Принято считать, что выступающий по телевидению не ощущает контакта со зрителем, и это сковывает его мысль и тормозит речь. Было бы странно с этим не согласиться. И, тем не менее, я, как и другие, уже привыкшие общаться с красным глазком телекамеры, ощущаю какую-то иную форму контакта. Ведь зрителя можно не только видеть, но можно воображать. Не смущает же нас то обстоятельство, что мы не видим нашего собеседника по телефону. Мы свободно произносим целые монологи, уверенные в том, что он слушает нас. И даже если разговор прервался, а мы не знаем об этом, — все равно говорим очень свободно и бойко, пока не поймем, что произносим слова впустую. Тут речь оборвется… Но ведь я же хорошо знаю, что за красным глазком меня видят и слышат. И ощущаю контакт такой же уверенный, словно говорю со зрителями по телефону. А это обеспечивает посыл и свободную интонацию. Как воспринимает при этом мои слова зритель, я должен определять сам, опираясь на опыт общения с публикой в зале. Если я чувствую, что мне удалось вызвать в себе те же эмоции, которые я испытываю, общаясь со зрительным залом, — значит, контакт налажен и с той стороны. Но тока ответного в студии телевидения я чувствовать, разумеется, не могу. Как ни странно, но отсутствие обратной связи помогло мне во время передачи «Тагильской находки»: тут у телевидения оказалось преимущество перед залом. Я не видел и увидеть не мог — прослезились зрители или нет.

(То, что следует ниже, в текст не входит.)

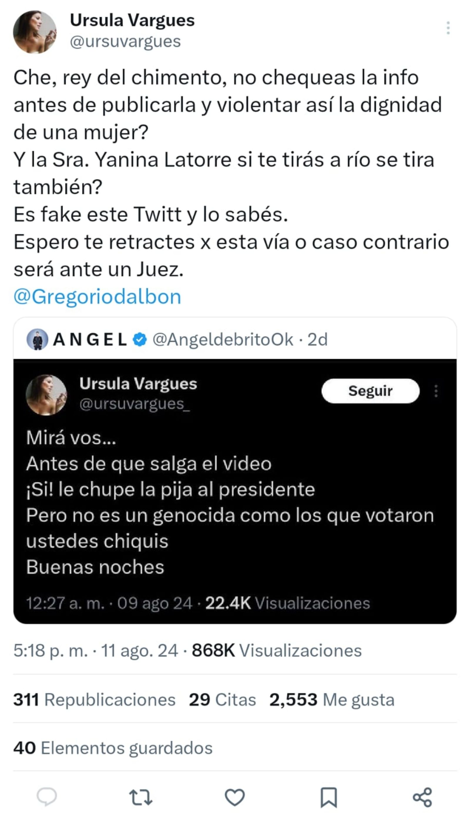 Uno de los periodistas que compartió el posteo fue Ángel de Brito, y Úrsula Vargues no dudó en responderle al conductor de Los Ángeles de la Mañana (LAM): "Che, rey del chimento, ¿no chequeas la info antes de publicarla y violentar así la dignidad de una mujer? Y la Sra. Yanina Latorre, ¿si te tirás al río se tira también?".

И если даже они прослезились — это не могло заразить меня, не могло повлиять на других и вылиться в массовое рыдание. Почему? Да потому, что даже если кто-то из зрителей сидел тогда в филармонии, то у экрана он был уже не тот зритель, а телезритель. Это совсем иная аудитория, и руководят ею другие законы восприятия. Ибо телеаудитория, хотя она и едина — разобщена между собой. И каждая ячейка смотрит и слушает отдельно от остальных и независима от реакции большинства. Законы массовой психологии ее не касаются. И в этой интимности телевидения — его неповторимо особые качества, притом что оно и всеобъемлюще, и всеохватно, и всесоюзно, и по природе своей всемирно. И, однако, скажу здесь к слову: как часто мы видим на телеэкране приемы, механически перенесенные из театра, с эстрады, смотрим картины, спектакли, созданные в расчете на массовую аудиторию. Неверно! Телевидение требует соблюдения своих, особых законов, ибо перед камерой вы со всеми наедине. И об этой дружеской атмосфере, которая возникает при общении с телезрителем, следует всегда помнить.
Рассказывая о тагильской находке, я обращался к друзьям, хотя никогда их не видел. Это особая и очень высокая дружба. И этой дружбе я не изменю никогда!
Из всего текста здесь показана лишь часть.